Full Helicon thruster modeling

TL;DR

This paper presents a comprehensive modeling approach for a new helicon plasma thruster, combining global design, electromagnetic, and particle-in-cell simulations to optimize performance for space cargo missions.

Contribution

It introduces an integrated simulation framework for designing and testing a novel helicon thruster, advancing the development process from conceptual modeling to performance estimation.

Findings

Feasibility of operational RF power confirmed

Achieved thruster performance: 1 kW power, 10 mN thrust, >1000 s specific impulse

Simulation results guide future optimization and prototype development

Abstract

This research work is part of a PhD project aiming to design a new helicon plasma thruster for cargo space missions, within a collaboration between the School of Aerospace Engineering of La Sapienza University and the ENEA Frascati research center. A 0-D global design model of the thruster is first established to identify the main operational conditions of the thruster, starting from a targeted performance in terms of specific impulse and thrust. These operational conditions are tested with dedicated simulations on the electromagnetic plasma-wave interaction within the ionization chamber, and on the electrostatic plasma acceleration within the magnetic nozzle.
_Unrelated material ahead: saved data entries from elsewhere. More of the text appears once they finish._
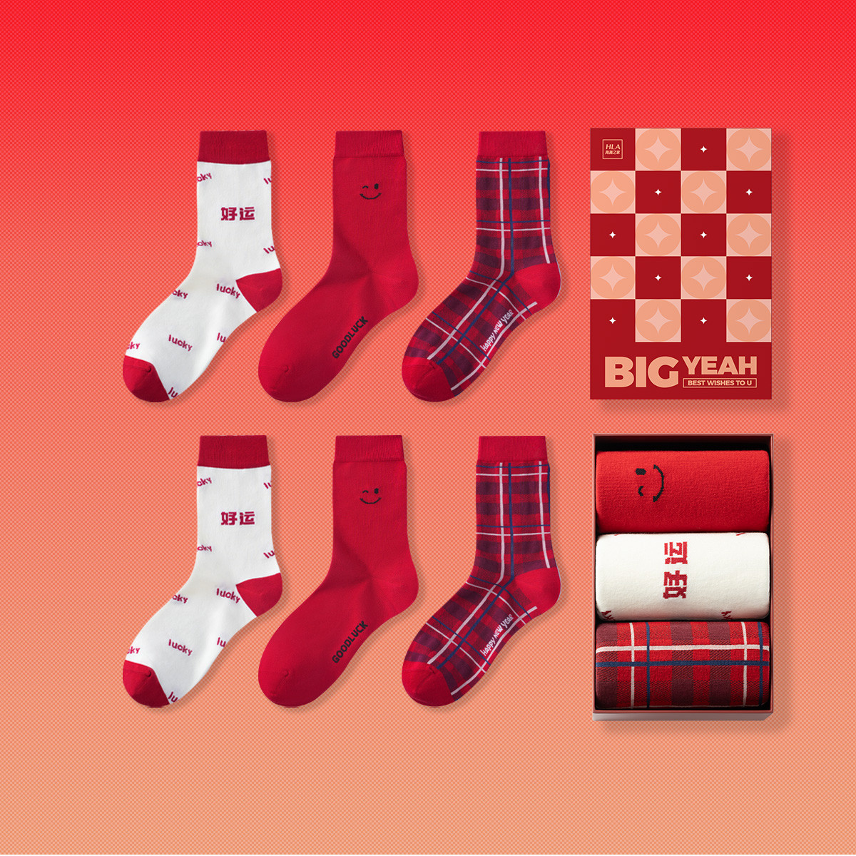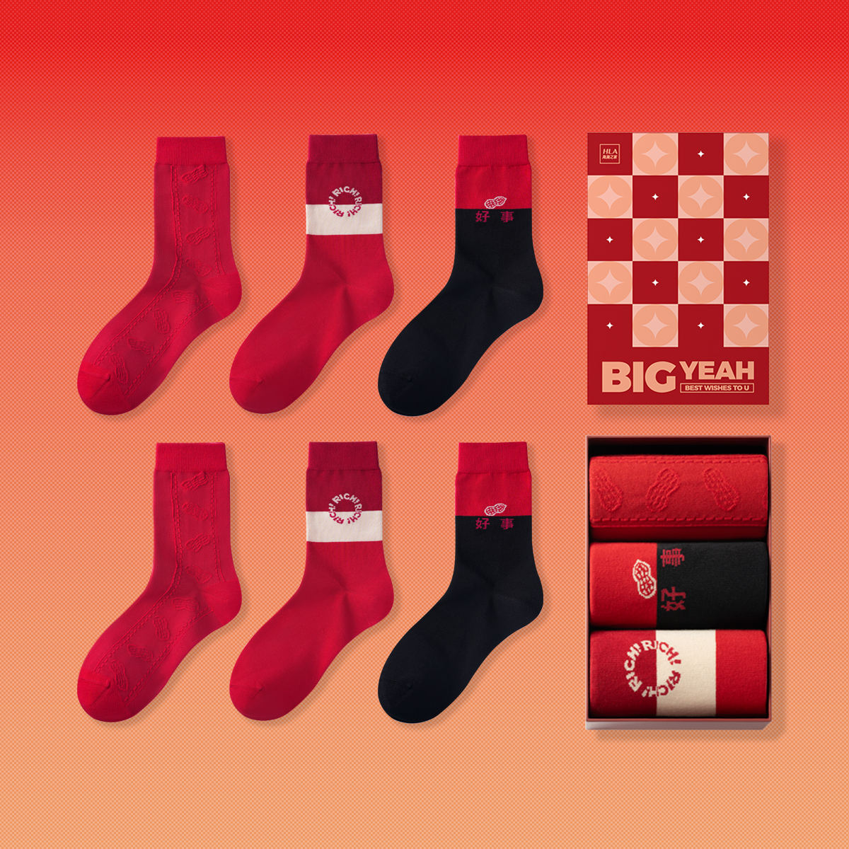 【鸿运礼盒】3双装本命蛇年男士中筒袜子大红色抑菌消臭棉柔男袜 261274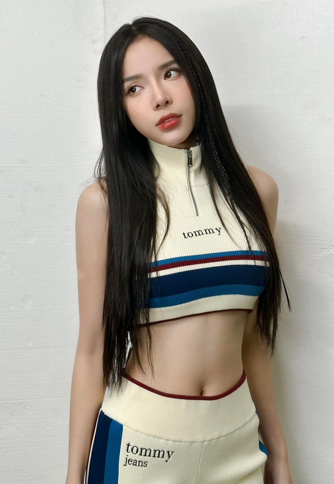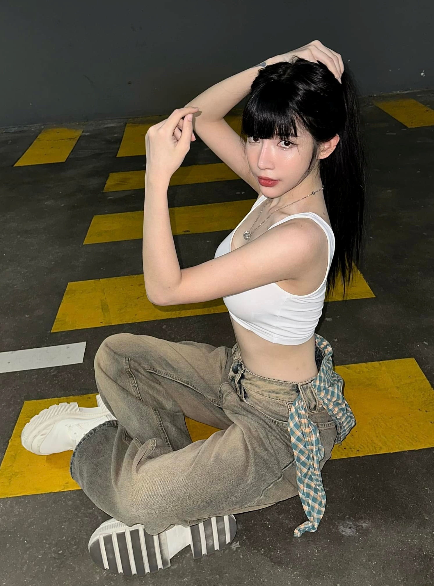 Whether styling student-inspired or street-style outfits, LyLy consistently draws attention with her flat waist.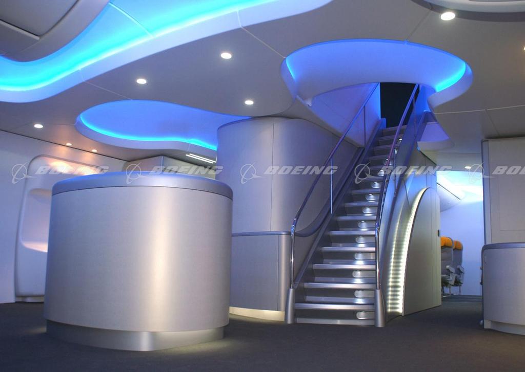 The 747-8 Intercontinental features a new interior with 787-like amenities. The interior incorporates new mood-lighting technology, as well as new lavatories developed for the 787. The newly designed entryway of the 747-8 takes passengers past a concierge station into the elegantly contemporary new interior. A dramatic stairway leads to the upper deck. The new curved, upswept architecture gives passengers great space and comfort, with more room for personal belongings.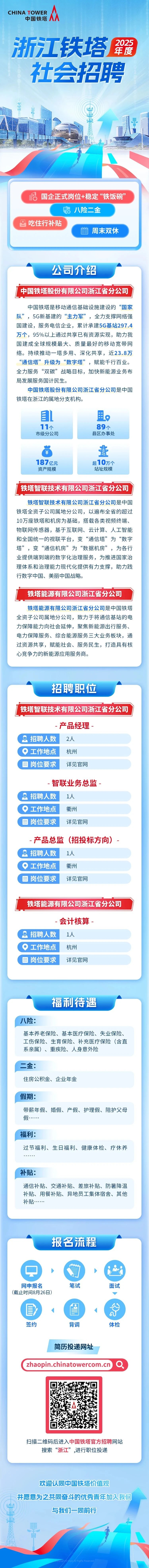国企正式岗稳定铁饭碗,八险二金!中国铁塔分公司2025年社会招聘!

The former are carried out with a finite element electromagnetic code and confirm the technical feasibility of the identified operational RF power with a predefined chamber geometry. The latter are obtained with an electrostatic particle-in-cell code, which allows to estimate more precisely the achieved thruster performance. A sub-optimal thruster with an absorbed plasma power of around 1 kW, a thrust of around 10 mN and a specific impulse higher than 1000 s is successfully simulated. The established simulation framework will serve as the basis for the next optimization of the thruster geometry and operational conditions, with the ultimate goal of building and testing a new helicon thruster prototype.